*Task brief*
Word for word, reproduce the listing that follows, excluding any pictures it contains.

*Exercise materials*
▽

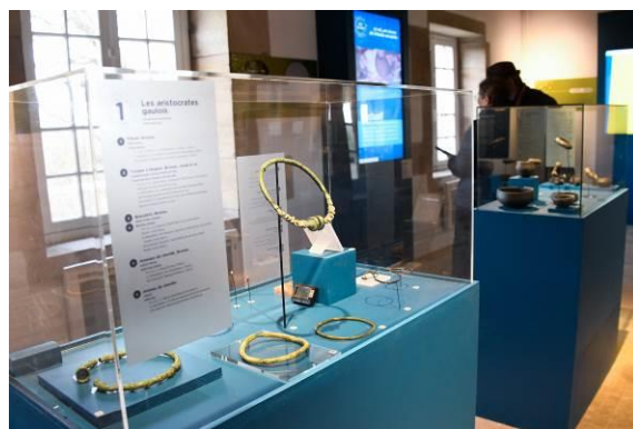
Figure 3 : Bijoux et céramiques celtes

Avec une muséographie renouvelée, les collections du Musée du sel mettent en avant à la recherche archéologique, l'histoire du sel et l'histoire locale. Les élèves sont ainsi confrontés à l'histoire dans sa longue durée mais aussi au niveau du temps court, de l'événement singulier. Ils découvrent comment archéologues et historiens écrivent et réécrivent notre histoire.
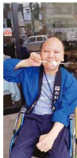
🍊 バナナみたいな綿菓子試食中!!

その日は、わたがしの 無料プレゼントをしました。 実は、かき氷をしようと思 いましたが、その日の午前 中は風が強くて寒かったの で、わたがしプレゼントを しながら、お惣菜を販売しました。
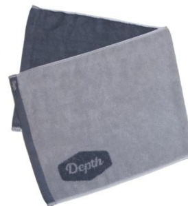
オリジナルフェイスタオル

アルビオンのエイジングケア※化粧品にも使用されている成分(環状リゾホスファチジン酸:毛髪保護)をナノキャリア社の最先端技術「ナノセスタDDS」がしっかり頭皮に届け、乾燥やストレスといった外的環境に負けない健やかでしなやかな頭皮に整えます。お風呂上りの頭皮は、水分が蒸発しやすい状態。タオルドライ後に頭皮になじませることで頭皮のうるおいを閉じ込めます。 ※年齢に応じたお手入れのこと
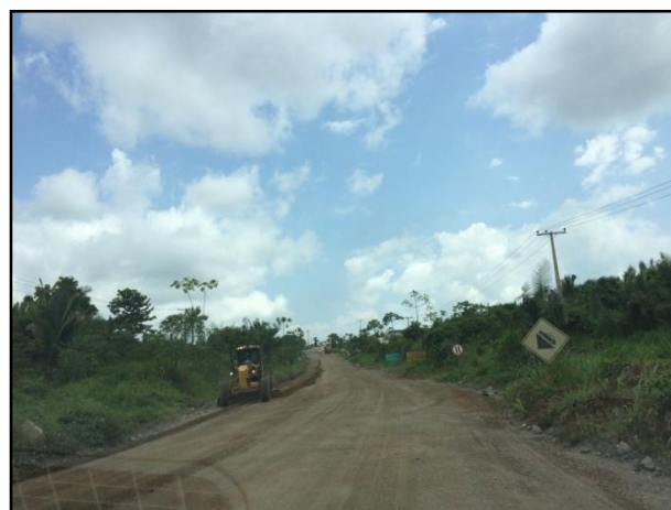
Anexo 3.4.2 –1– Sinalização das vias e acessos internos dos canteiros.
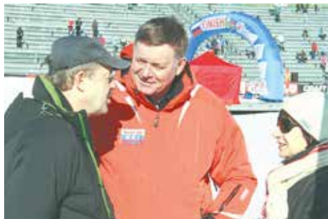
Главы болеют за марафонцев!

14 – 15 марта под Рыбинском состоялся VIII Деминский лыжный марафон элитной серии Worldloppet.
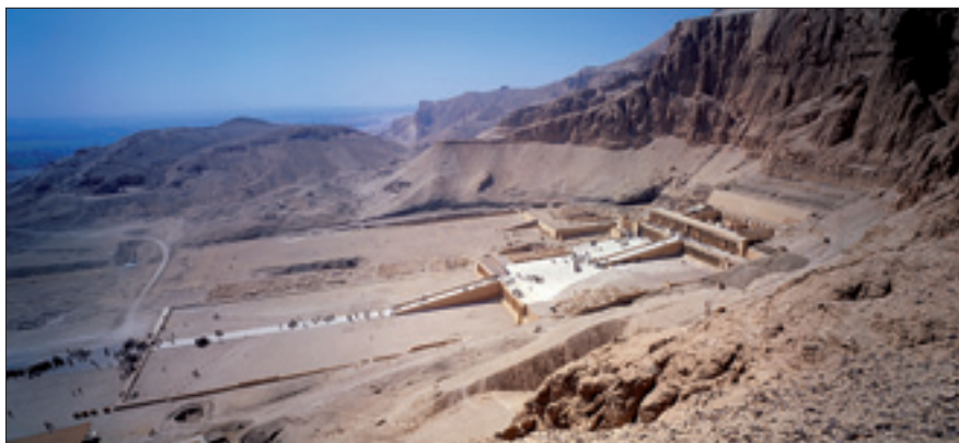
Świątynia królowej Hatszepsut w Deir el-Bahari

isie wykonane zostały na stosunkowo dużych płaszczyznach skał wapiennych o żółtobrązowej, a w niektórych miejscach znacznie ciemniejszej patynie. Część przedstawień wykonana została narzędziem o szerszym ostrzu, ryt innych jest znacznie cieńszy i głębszy. Jeden z rytów jest odosobniony i znajduje się
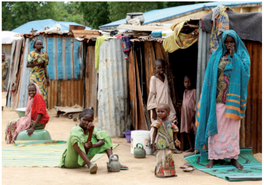
Tábor pro vnitřně vysídlené lidi ve městě Bama
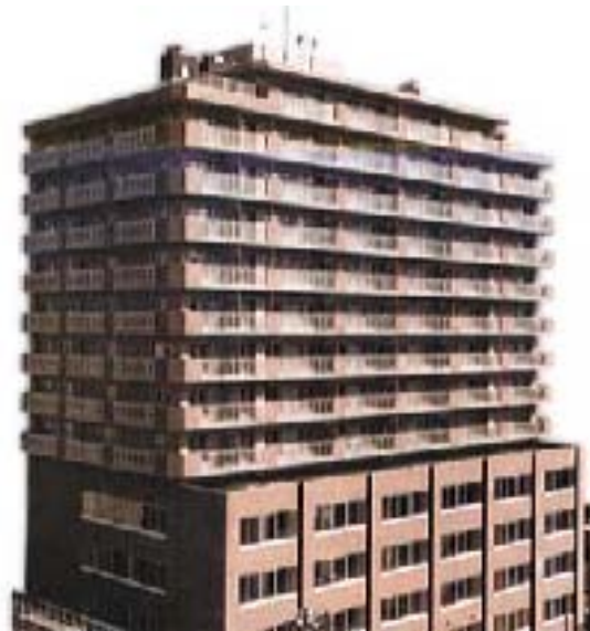
(南3条グランドビル)
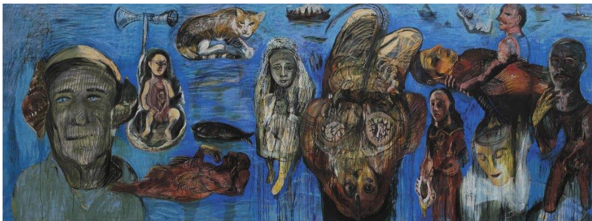
Figura 6. Graça Morais, História Trágico-Marítima. Acrílico, carbón y pastel sobre lienzo, 546 x 203 cm.
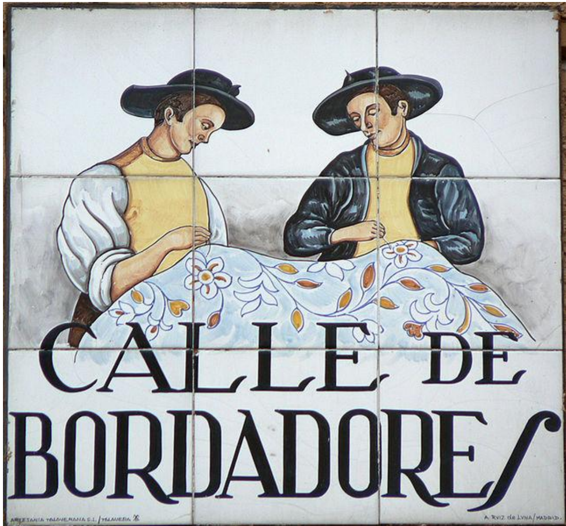
Imagem 5 - Placa da Rua dos Bordadores no Centro de Madri, na Espanha.
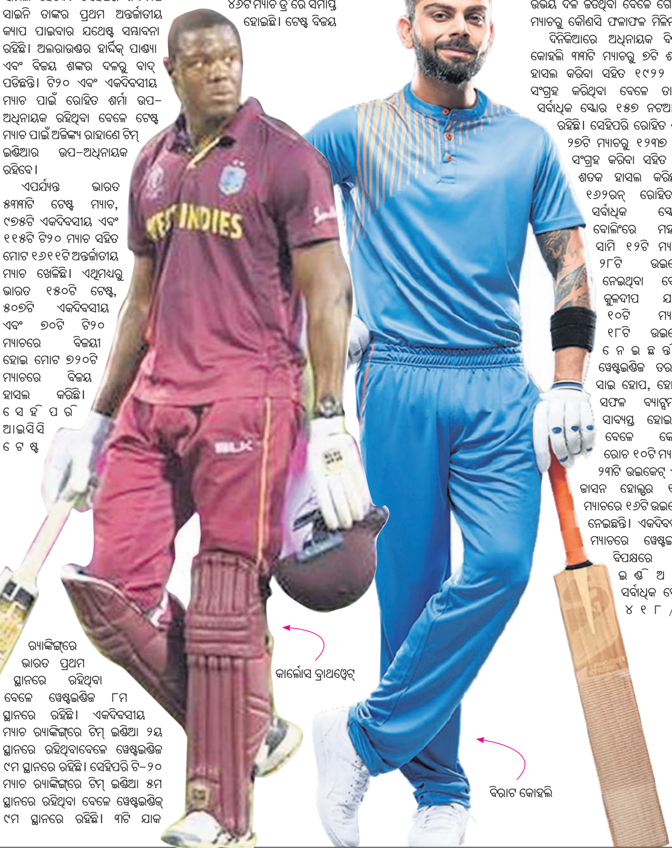
ରାଧିକାଙ୍କରେ ଭାରତ ପ୍ରଥମ ସ୍ଥାନରେ ରହିଥିବା ବେଳେ ଷ୍ଟେସ୍‌କ୍ରୀଡ଼ିଙ୍ଗ ୮ମ ସ୍ଥାନରେ ରହିଛି। ଏକଦିବସୀୟ ମ୍ୟାଚ ରାଧିକାଙ୍କରେ ଟିମ୍ ଇଣ୍ଡିଆ ୨ୟ ସ୍ଥାନରେ ରହିଥିବାବେଳେ ଷ୍ଟେସ୍‌କ୍ରୀଡ଼ିଙ୍ଗ ୯ମ ସ୍ଥାନରେ ରହିଛି। ସେହିପରି ଟି-୨୦ ମ୍ୟାଚ ରାଧିକାଙ୍କରେ ଟିମ୍ ଇଣ୍ଡିଆ ୫ମ ସ୍ଥାନରେ ରହିଥିବା ବେଳେ ଷ୍ଟେସ୍‌କ୍ରୀଡ଼ିଙ୍ଗ ୯ମ ସ୍ଥାନରେ ରହିଛି। ୩ଟି ଯାକ

ରହିଛି। ଟେଷ୍ଟ ମ୍ୟାଚ ଆରମ୍ଭ ପୂର୍ବରୁ ଏକ ୩ ଦିନିଆ (୧୭ ରୁ ୧୯) ଅଭ୍ୟାସ ମ୍ୟାଚ ଭାରତ ଆଷ୍ଟ୍ରେଲିଆରେ ଖେଳିବ। ଏଥିପାଇଁ ବିସିଆଇ ବିରାଟ କୋହଲିଙ୍କ ନେତୃତ୍ୱରେ ୩ଟି ଫର୍ମାଟ ପାଇଁ ଖେଳାଳି ତାଲିକା ପ୍ରକାଶିତ କରିଛି। ଏଥିରେ ଅଭିଜ୍ଞ ଖେଳାଳିମାନଙ୍କ ସହିତ ଆଇପିଏଲ୍ ଏବଂ ଘରୋଇ ସିଜନରେ ଭଲ ପ୍ରଦର୍ଶନ କରିଥିବା ଅନେକ ଯୁବ ଖେଳାଳିଙ୍କୁ ସୁଯୋଗ ପ୍ରଦାନ କରାଯାଇଛି। ସେମାନଙ୍କ ମଧ୍ୟରେ ଅଛନ୍ତି ଶ୍ରେୟାଣ୍ତ ଆୟର, ନବଦୀପ ସାଲ୍‌ଜି, ଖଲିଲ ଅହମ୍ମଦ, ଖାଶିଫ୍‌ଉଦ୍‌ଦିନ ସୁଦର, ରାହୁଲ କାରନସିଲ (ଆଇସିସି) ଦ୍ୱାରା ବାସ୍ତବ ହେବା ଫଳରେ ଏହି ଗସ୍ତ ବା ସିରିଜର
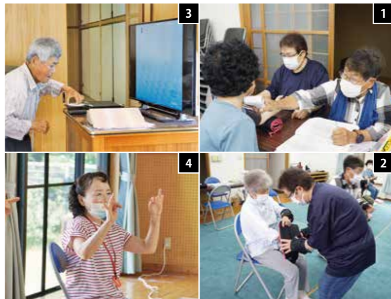
1 百歳体操を行う前に参加者の血圧測定や検温を行います 2 おもりをつけるときなど参加者をサポートします 3 百歳体操のDVDの準備や操作をします 4 脳いきいき活動で指体操などをリードします
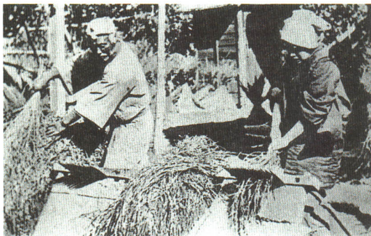
▲むかし いね 昔の稲こき

このあと“とうみ”でごみをとり、もみを“するす”でひき、“ばったり”や“水車” すいしゃ にかけて はくまい 白米にしました。
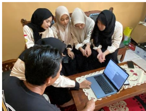
Gambar 3. Dokumentasi Kegiatan
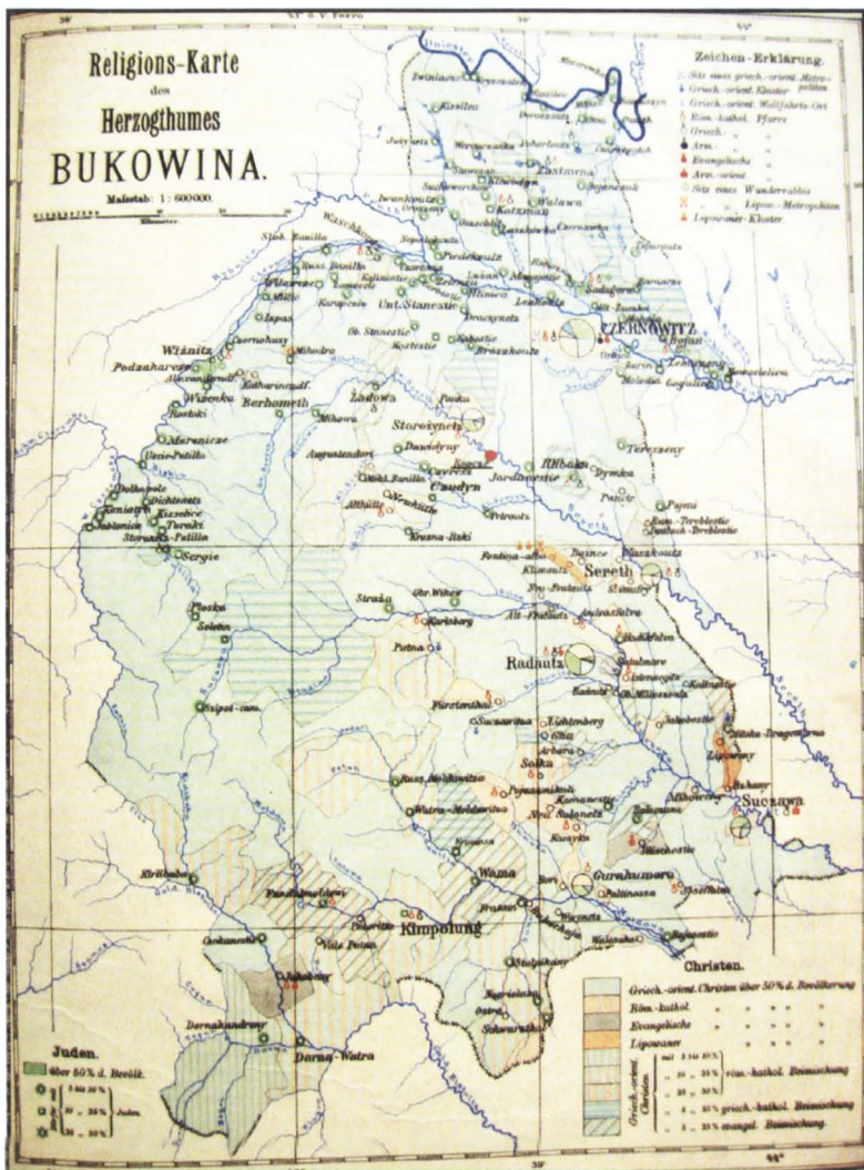
Poziționarea satului Ropcea pe o hartă a Bucovinei de după 1850.

△

*Response box*
Figure 3 : Bijoux et céramiques celtes

Avec une muséographie renouvelée, les collections du Musée du sel mettent en avant à la recherche archéologique, l'histoire du sel et l'histoire locale. Les élèves sont ainsi confrontés à l'histoire dans sa longue durée mais aussi au niveau du temps court, de l'événement singulier. Ils découvrent comment archéologues et historiens écrivent et réécrivent notre histoire.
🍊 バナナみたいな綿菓子試食中!!

その日は、わたがしの 無料プレゼントをしました。 実は、かき氷をしようと思 いましたが、その日の午前 中は風が強くて寒かったの で、わたがしプレゼントを しながら、お惣菜を販売しました。
オリジナルフェイスタオル

アルビオンのエイジングケア※化粧品にも使用されている成分(環状リゾホスファチジン酸:毛髪保護)をナノキャリア社の最先端技術「ナノセスタDDS」がしっかり頭皮に届け、乾燥やストレスといった外的環境に負けない健やかでしなやかな頭皮に整えます。お風呂上りの頭皮は、水分が蒸発しやすい状態。タオルドライ後に頭皮になじませることで頭皮のうるおいを閉じ込めます。 ※年齢に応じたお手入れのこと
Anexo 3.4.2 –1– Sinalização das vias e acessos internos dos canteiros.
Главы болеют за марафонцев!

14 – 15 марта под Рыбинском состоялся VIII Деминский лыжный марафон элитной серии Worldloppet.
Świątynia królowej Hatszepsut w Deir el-Bahari

isie wykonane zostały na stosunkowo dużych płaszczyznach skał wapiennych o żółtobrązowej, a w niektórych miejscach znacznie ciemniejszej patynie. Część przedstawień wykonana została narzędziem o szerszym ostrzu, ryt innych jest znacznie cieńszy i głębszy. Jeden z rytów jest odosobniony i znajduje się
Tábor pro vnitřně vysídlené lidi ve městě Bama
(南3条グランドビル)
Figura 6. Graça Morais, História Trágico-Marítima. Acrílico, carbón y pastel sobre lienzo, 546 x 203 cm.
Imagem 5 - Placa da Rua dos Bordadores no Centro de Madri, na Espanha.
ରାଧିକାଙ୍କରେ ଭାରତ ପ୍ରଥମ ସ୍ଥାନରେ ରହିଥିବା ବେଳେ ଷ୍ଟେସ୍‌କ୍ରୀଡ଼ିଙ୍ଗ ୮ମ ସ୍ଥାନରେ ରହିଛି। ଏକଦିବସୀୟ ମ୍ୟାଚ ରାଧିକାଙ୍କରେ ଟିମ୍ ଇଣ୍ଡିଆ ୨ୟ ସ୍ଥାନରେ ରହିଥିବାବେଳେ ଷ୍ଟେସ୍‌କ୍ରୀଡ଼ିଙ୍ଗ ୯ମ ସ୍ଥାନରେ ରହିଛି। ସେହିପରି ଟି-୨୦ ମ୍ୟାଚ ରାଧିକାଙ୍କରେ ଟିମ୍ ଇଣ୍ଡିଆ ୫ମ ସ୍ଥାନରେ ରହିଥିବା ବେଳେ ଷ୍ଟେସ୍‌କ୍ରୀଡ଼ିଙ୍ଗ ୯ମ ସ୍ଥାନରେ ରହିଛି। ୩ଟି ଯାକ

ରହିଛି। ଟେଷ୍ଟ ମ୍ୟାଚ ଆରମ୍ଭ ପୂର୍ବରୁ ଏକ ୩ ଦିନିଆ (୧୭ ରୁ ୧୯) ଅଭ୍ୟାସ ମ୍ୟାଚ ଭାରତ ଆଷ୍ଟ୍ରେଲିଆରେ ଖେଳିବ। ଏଥିପାଇଁ ବିସିଆଇ ବିରାଟ କୋହଲିଙ୍କ ନେତୃତ୍ୱରେ ୩ଟି ଫର୍ମାଟ ପାଇଁ ଖେଳାଳି ତାଲିକା ପ୍ରକାଶିତ କରିଛି। ଏଥିରେ ଅଭିଜ୍ଞ ଖେଳାଳିମାନଙ୍କ ସହିତ ଆଇପିଏଲ୍ ଏବଂ ଘରୋଇ ସିଜନରେ ଭଲ ପ୍ରଦର୍ଶନ କରିଥିବା ଅନେକ ଯୁବ ଖେଳାଳିଙ୍କୁ ସୁଯୋଗ ପ୍ରଦାନ କରାଯାଇଛି। ସେମାନଙ୍କ ମଧ୍ୟରେ ଅଛନ୍ତି ଶ୍ରେୟାଣ୍ତ ଆୟର, ନବଦୀପ ସାଲ୍‌ଜି, ଖଲିଲ ଅହମ୍ମଦ, ଖାଶିଫ୍‌ଉଦ୍‌ଦିନ ସୁଦର, ରାହୁଲ କାରନସିଲ (ଆଇସିସି) ଦ୍ୱାରା ବାସ୍ତବ ହେବା ଫଳରେ ଏହି ଗସ୍ତ ବା ସିରିଜର
1 百歳体操を行う前に参加者の血圧測定や検温を行います 2 おもりをつけるときなど参加者をサポートします 3 百歳体操のDVDの準備や操作をします 4 脳いきいき活動で指体操などをリードします
▲むかし いね 昔の稲こき

このあと“とうみ”でごみをとり、もみを“するす”でひき、“ばったり”や“水車” すいしゃ にかけて はくまい 白米にしました。
Gambar 3. Dokumentasi Kegiatan
Poziționarea satului Ropcea pe o hartă a Bucovinei de după 1850.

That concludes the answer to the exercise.